PIT-QMM: A Large Multimodal Model For No-Reference Point Cloud Quality Assessment
This work addresses the need for efficient and accurate quality assessment in 3D graphics and virtual reality applications, representing a novel application of multimodal models to a domain-specific challenge.
The paper tackles the problem of automatically evaluating the perceptual quality of 3D point clouds without a reference, by proposing PIT-QMM, a large multimodal model that uses text, images, and point clouds to predict quality scores, achieving state-of-the-art performance on benchmarks with fewer training iterations.
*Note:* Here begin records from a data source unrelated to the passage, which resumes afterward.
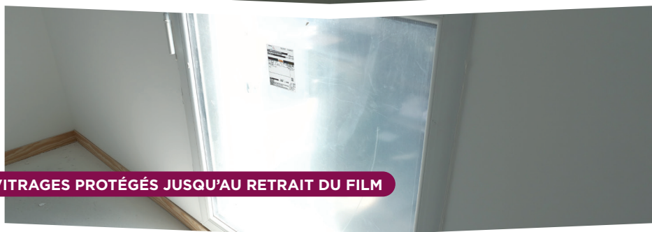
VITRAGES PROTÉGÉS JUSQU'AU RETRAIT DU FILM
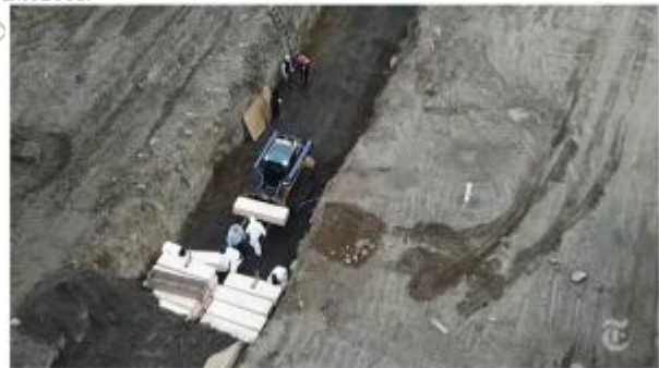
New York City hired laborers to bury unclaimed bodies on Hart Island.
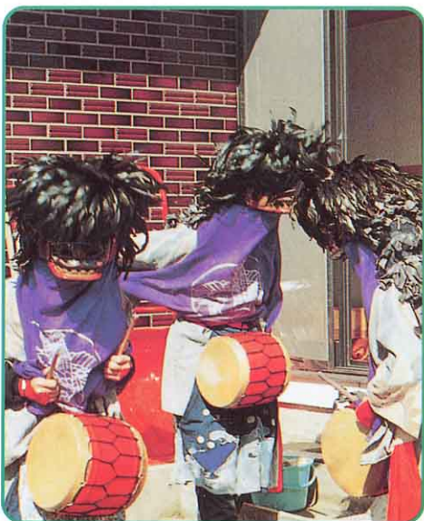
▲ 槻橋彼岸獅子 (一小地区)
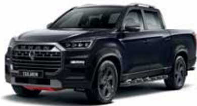
갤럭시스 그레이 ADB
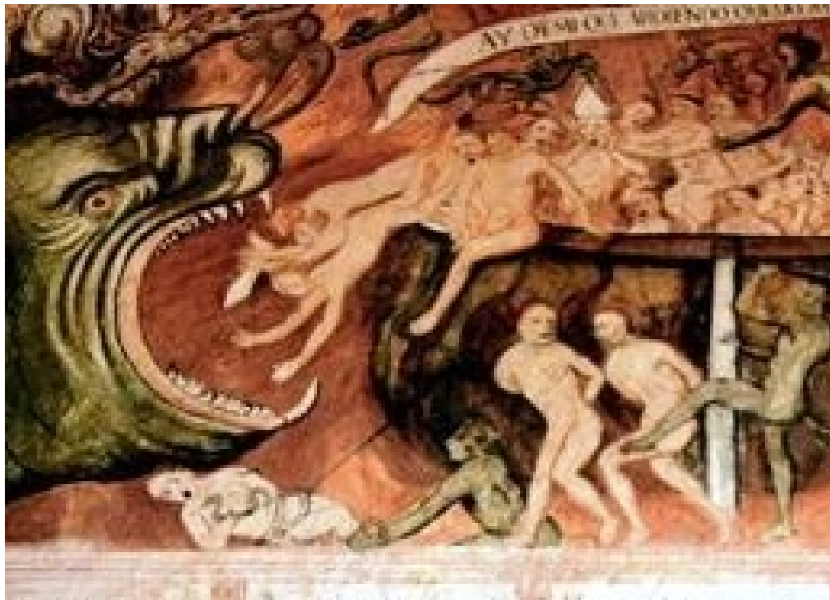
Illustration 13: El Juicio final, Iglesia de Huaró, Tadeo Escalante, Siglo XVIII.

L'Enfer de López de Los Ríos, à Carabuco, correspond à cette partition : nous voyons en effet deux mondes, au dessus et au dessous d'une ligne ténue. L'image est divisée en strates horizontales, dont la plus importante représente le lieu des Damnés ; au dessus, des scènes terrestres permettent au fidèle de reconstruire le lien entre les péchés commis durant la vie et la punition qui l'attend dans l'au-delà. 1112
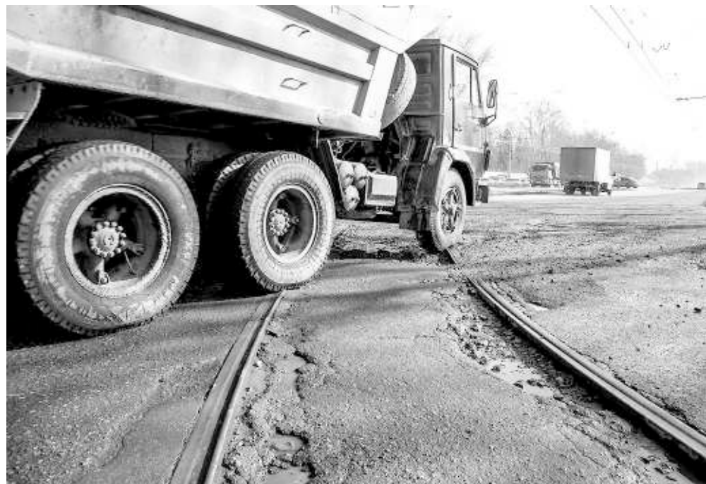
В апреле планируется отремонтировать 67 920 квадратных метров дорожного полотна.

В Новосибирске проходит сезонный ремонт магистралей, который должен завершиться к 1 мая.
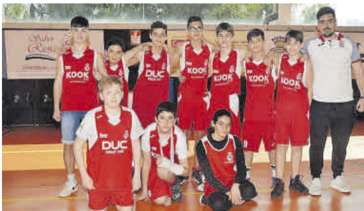
El equipo infantil cuenta con jugadores que suman mucha calidad.
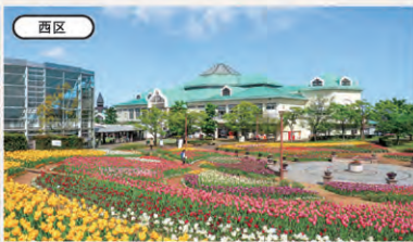
西区 新潟ふるさと村 地図 P28 D-2

見て！食べて！体験できる！ 米どころ新潟のせんべいテーマパーク 職人がせんべいを焼く様子を見学でき、自らも体験して味わうことができる、せんべいのテーマパーク。イチオシは「超特大お絵描きせんべい焼き体験」。 ② 新潟市北区新崎2661 ☎ 025-259-0161 ③ 平日9時30分～16時(体験受付15時30分まで)、土・日曜、祝日9時30分～17時(体験受付16時まで) ④ 不定休※臨時休業あり。火曜を定休日にする場合あり ⑤ 入場無料、超特大お絵描きせんべい焼き体験1枚/大人1名(中学生以上)1,500円、お子様1名(未就学児～小学6年生)1,200円
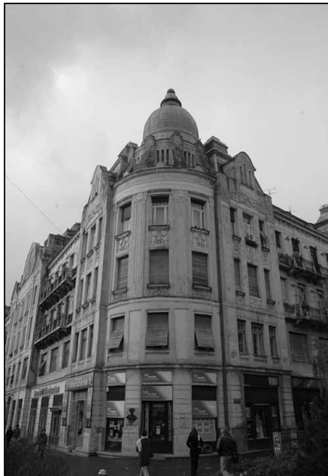
A Nyírvíz palota ma
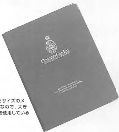
商談中はA5サイズのメモでは失礼なので、大きめのノートを使用している
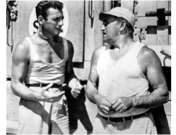
1952 LE SALAIRE DE LA PEUR d'Henri-Georges Clouzot avec Yves Montand
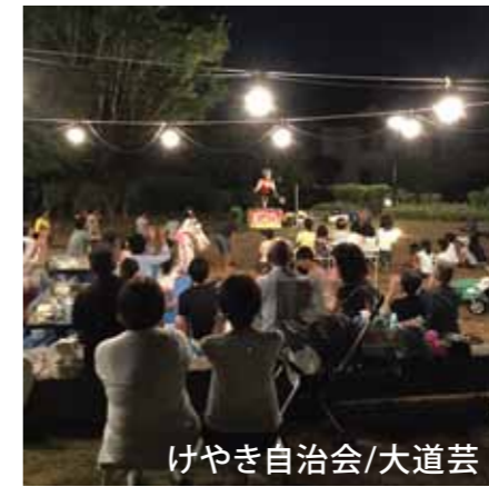
けやき自治会/大道芸
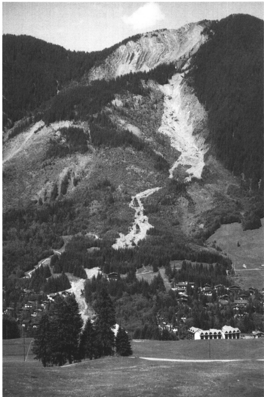
Fig. 2: Blick Richtung Nünalpstock (rechter Bildrand oben) und die "Lau" mit den Spuren der Murgänge vom Mai 1999.

Die klimatischen Verhältnisse vor und während den Ereignissen von 1910 und 1999 gleichen sich sehr stark. In beiden Fällen war ein schneereicher Winter vorausgegangen. Die Schneeschmelze wurde im Mai von heftigen Niederschlägen begleitet, welche zu sehr hohen Seepegeln und vielen Überschwemmungen im Unterland führten. Die Niederschläge lösten in beiden Fällen am Nünalpstock grosse Rutschungen aus, aus welchen sich Murgänge bis zur Waldemme hinunter ergossen. Die Ereignisse von 1910 waren weit grösser, weil die vorausgegangenen Rutschungs- und Sackungsbewegungen sehr stark waren (mehrere Dekameter, siehe oben). Dagegen waren die Bewegungen vor dem Ereignis von 1999 eher gering mit einigen Zentimetern pro Jahr (siehe Fig. 3). Die Ereignisse von 1922 und 1986 begannen ebenfalls im Frühjahr während Tauphasen.
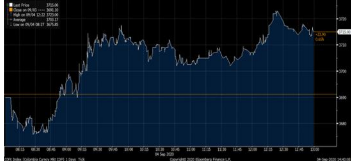
Gráfica 2. Precios de Cotización Intradía del Dólar Spot
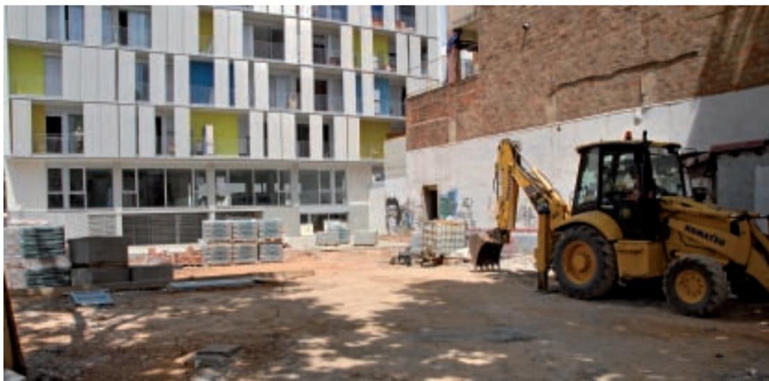
L'espai es convertirà en un jardí i una zona d'esbarjo.

Large Multimodal Models (LMMs) have recently enabled considerable advances in the realm of image and video quality assessment, but this progress has yet to be fully explored in the domain of 3D assets. We are interested in using these models to conduct No-Reference Point Cloud Quality Assessment (NR-PCQA), where the aim is to automatically evaluate the perceptual quality of a point cloud in absence of a reference. We begin with the observation that different modalities of data - text descriptions, 2D projections, and 3D point cloud views - provide complementary information about point cloud quality. We then construct PIT-QMM, a novel LMM for NR-PCQA that is capable of consuming text, images and point clouds end-to-end to predict quality scores. Extensive experimentation shows that our proposed method outperforms the state-of-the-art by significant margins on popular benchmarks with fewer training iterations. We also demonstrate that our framework enables distortion localization and identification, which paves a new way forward for model explainability and interactivity. Code and datasets are available at https://www.github.com/shngt/pit-qmm.